Exercise instructions:
Could you print each entry below verbatim while omitting the pictures?

Given data:
=====

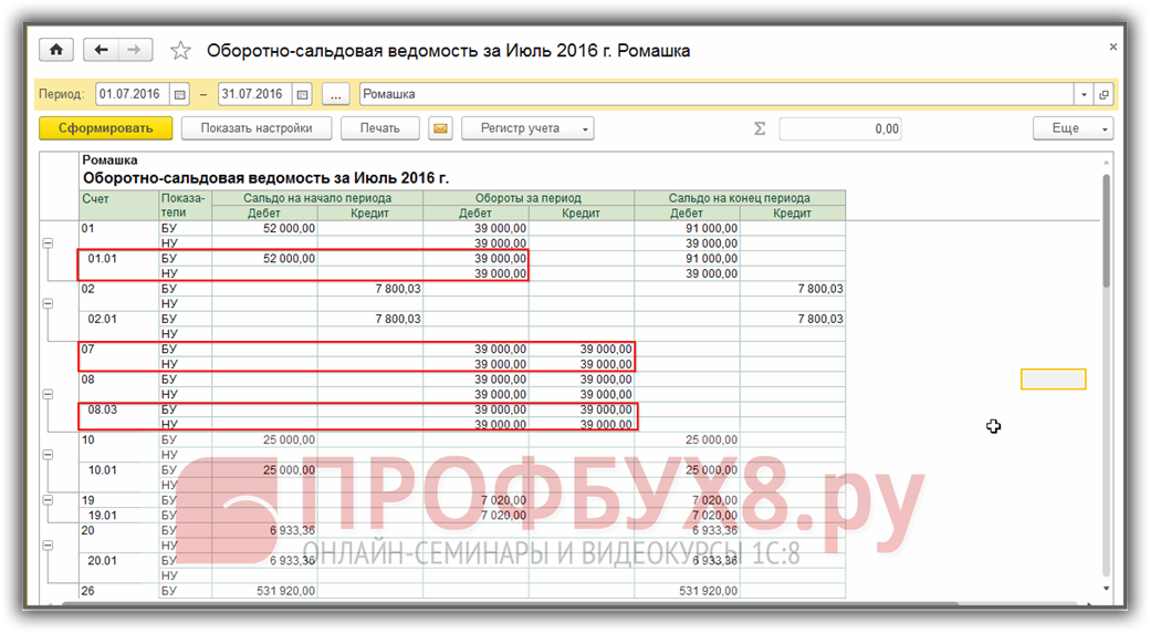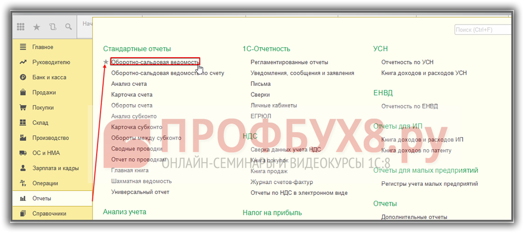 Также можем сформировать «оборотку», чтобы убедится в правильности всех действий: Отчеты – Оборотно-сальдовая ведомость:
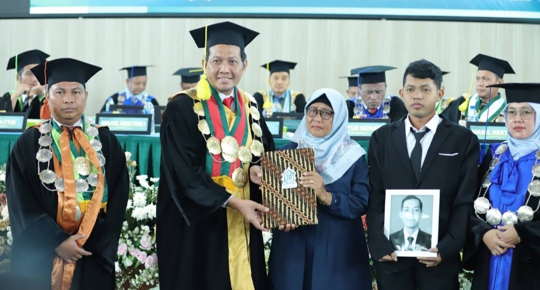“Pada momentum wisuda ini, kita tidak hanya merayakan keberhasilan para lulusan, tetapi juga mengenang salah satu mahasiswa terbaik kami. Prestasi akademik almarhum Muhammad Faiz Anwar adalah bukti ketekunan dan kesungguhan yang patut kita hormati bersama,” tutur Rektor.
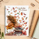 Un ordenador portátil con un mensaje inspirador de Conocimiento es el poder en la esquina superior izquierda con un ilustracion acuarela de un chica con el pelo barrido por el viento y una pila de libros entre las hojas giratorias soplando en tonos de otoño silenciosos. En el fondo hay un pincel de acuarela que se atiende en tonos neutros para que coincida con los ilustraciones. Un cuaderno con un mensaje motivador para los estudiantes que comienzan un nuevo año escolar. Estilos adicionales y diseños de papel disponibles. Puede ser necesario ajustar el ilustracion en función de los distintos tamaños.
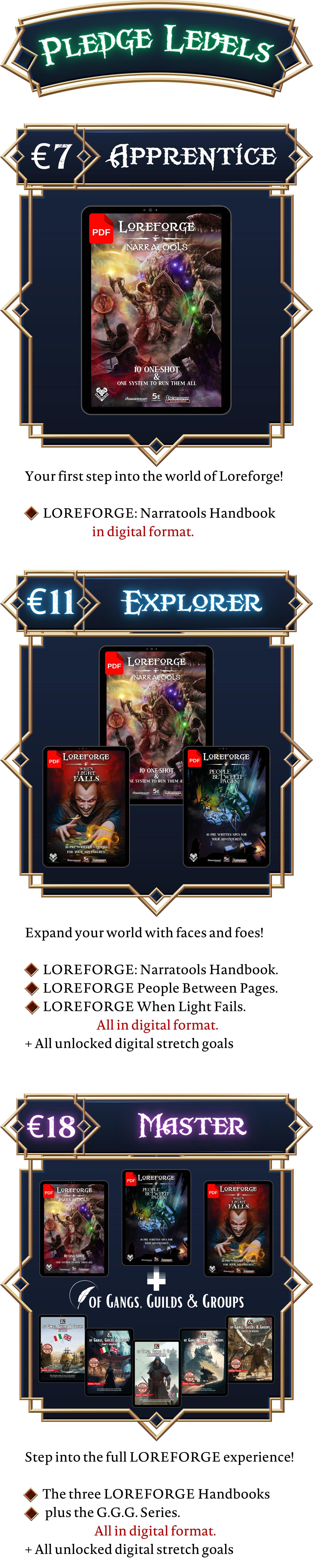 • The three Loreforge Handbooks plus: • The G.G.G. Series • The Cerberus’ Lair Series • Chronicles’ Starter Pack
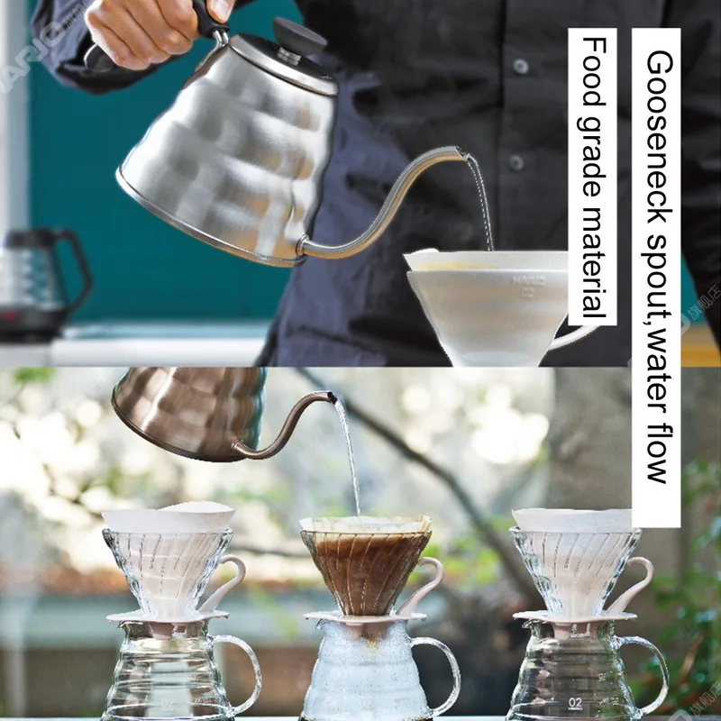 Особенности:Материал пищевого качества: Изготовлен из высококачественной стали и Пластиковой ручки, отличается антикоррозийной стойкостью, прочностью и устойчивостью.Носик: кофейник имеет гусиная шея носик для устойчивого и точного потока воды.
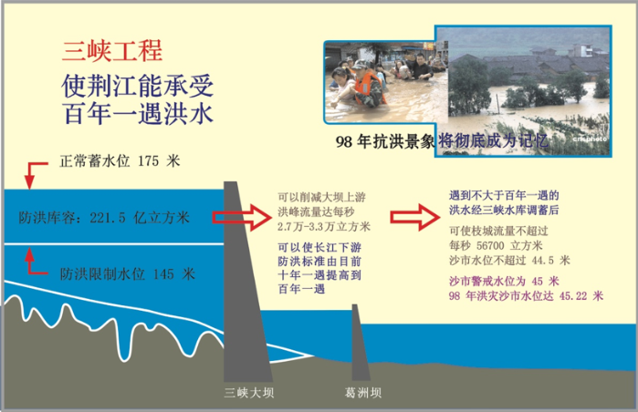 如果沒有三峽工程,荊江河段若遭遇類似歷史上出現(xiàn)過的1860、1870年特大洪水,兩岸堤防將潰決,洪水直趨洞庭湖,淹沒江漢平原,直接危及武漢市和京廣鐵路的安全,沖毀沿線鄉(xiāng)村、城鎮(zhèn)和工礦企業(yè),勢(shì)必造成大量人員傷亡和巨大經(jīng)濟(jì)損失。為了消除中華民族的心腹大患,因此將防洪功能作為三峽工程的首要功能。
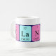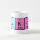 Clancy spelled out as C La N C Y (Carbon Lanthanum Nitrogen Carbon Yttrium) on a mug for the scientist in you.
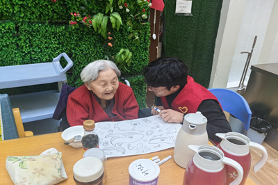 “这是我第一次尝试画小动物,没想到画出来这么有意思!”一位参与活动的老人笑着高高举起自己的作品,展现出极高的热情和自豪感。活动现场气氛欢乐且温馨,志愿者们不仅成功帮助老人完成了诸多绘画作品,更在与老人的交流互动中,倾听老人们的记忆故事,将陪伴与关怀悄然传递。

=====

Response box:
 Также можем сформировать «оборотку», чтобы убедится в правильности всех действий: Отчеты – Оборотно-сальдовая ведомость:
“Pada momentum wisuda ini, kita tidak hanya merayakan keberhasilan para lulusan, tetapi juga mengenang salah satu mahasiswa terbaik kami. Prestasi akademik almarhum Muhammad Faiz Anwar adalah bukti ketekunan dan kesungguhan yang patut kita hormati bersama,” tutur Rektor.
 Un ordenador portátil con un mensaje inspirador de Conocimiento es el poder en la esquina superior izquierda con un ilustracion acuarela de un chica con el pelo barrido por el viento y una pila de libros entre las hojas giratorias soplando en tonos de otoño silenciosos. En el fondo hay un pincel de acuarela que se atiende en tonos neutros para que coincida con los ilustraciones. Un cuaderno con un mensaje motivador para los estudiantes que comienzan un nuevo año escolar. Estilos adicionales y diseños de papel disponibles. Puede ser necesario ajustar el ilustracion en función de los distintos tamaños.
 • The three Loreforge Handbooks plus: • The G.G.G. Series • The Cerberus’ Lair Series • Chronicles’ Starter Pack
 Особенности:Материал пищевого качества: Изготовлен из высококачественной стали и Пластиковой ручки, отличается антикоррозийной стойкостью, прочностью и устойчивостью.Носик: кофейник имеет гусиная шея носик для устойчивого и точного потока воды.
 如果沒有三峽工程,荊江河段若遭遇類似歷史上出現(xiàn)過的1860、1870年特大洪水,兩岸堤防將潰決,洪水直趨洞庭湖,淹沒江漢平原,直接危及武漢市和京廣鐵路的安全,沖毀沿線鄉(xiāng)村、城鎮(zhèn)和工礦企業(yè),勢(shì)必造成大量人員傷亡和巨大經(jīng)濟(jì)損失。為了消除中華民族的心腹大患,因此將防洪功能作為三峽工程的首要功能。
 Clancy spelled out as C La N C Y (Carbon Lanthanum Nitrogen Carbon Yttrium) on a mug for the scientist in you.
 “这是我第一次尝试画小动物,没想到画出来这么有意思!”一位参与活动的老人笑着高高举起自己的作品,展现出极高的热情和自豪感。活动现场气氛欢乐且温馨,志愿者们不仅成功帮助老人完成了诸多绘画作品,更在与老人的交流互动中,倾听老人们的记忆故事,将陪伴与关怀悄然传递。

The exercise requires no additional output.